__Directions for this task__: Could you write out, exactly, every line from the top of the data through the line holding "Теплый гараж на"? Omit the pictures.

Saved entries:
· · · ·

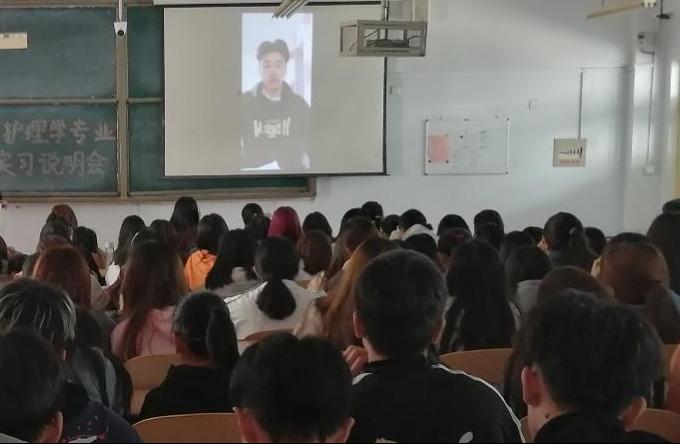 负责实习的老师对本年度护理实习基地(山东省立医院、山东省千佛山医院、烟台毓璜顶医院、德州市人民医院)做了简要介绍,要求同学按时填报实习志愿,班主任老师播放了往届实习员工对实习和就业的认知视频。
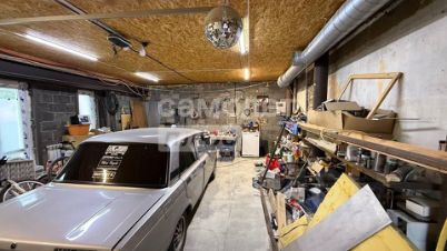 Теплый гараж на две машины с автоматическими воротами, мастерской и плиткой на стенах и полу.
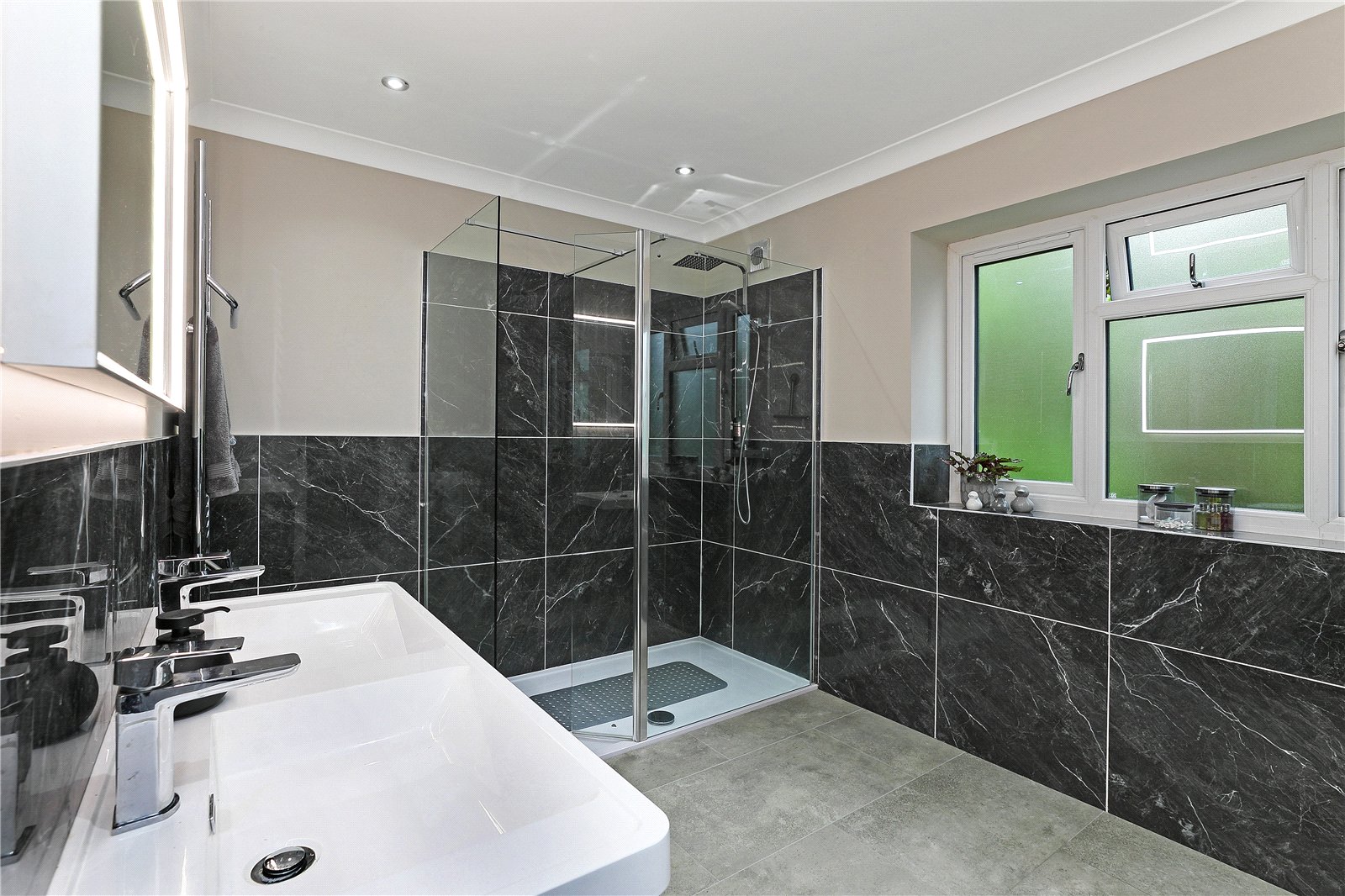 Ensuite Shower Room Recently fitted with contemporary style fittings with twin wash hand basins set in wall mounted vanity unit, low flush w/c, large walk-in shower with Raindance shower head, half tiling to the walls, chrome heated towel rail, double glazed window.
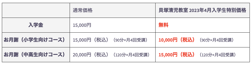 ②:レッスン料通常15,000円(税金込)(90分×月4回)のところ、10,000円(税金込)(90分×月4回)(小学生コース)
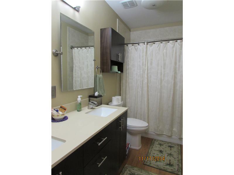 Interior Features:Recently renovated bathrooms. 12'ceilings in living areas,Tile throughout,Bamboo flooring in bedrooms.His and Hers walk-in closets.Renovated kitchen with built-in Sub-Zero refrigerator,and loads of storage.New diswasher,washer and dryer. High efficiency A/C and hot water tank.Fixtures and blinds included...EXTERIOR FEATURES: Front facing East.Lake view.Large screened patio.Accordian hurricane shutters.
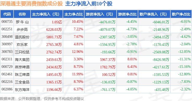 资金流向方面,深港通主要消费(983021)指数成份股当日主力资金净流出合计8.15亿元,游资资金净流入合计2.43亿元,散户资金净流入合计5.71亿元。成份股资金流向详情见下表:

· · · ·

__Result of this task__:
 负责实习的老师对本年度护理实习基地(山东省立医院、山东省千佛山医院、烟台毓璜顶医院、德州市人民医院)做了简要介绍,要求同学按时填报实习志愿,班主任老师播放了往届实习员工对实习和就业的认知视频。
 Теплый гараж на две машины с автоматическими воротами, мастерской и плиткой на стенах и полу.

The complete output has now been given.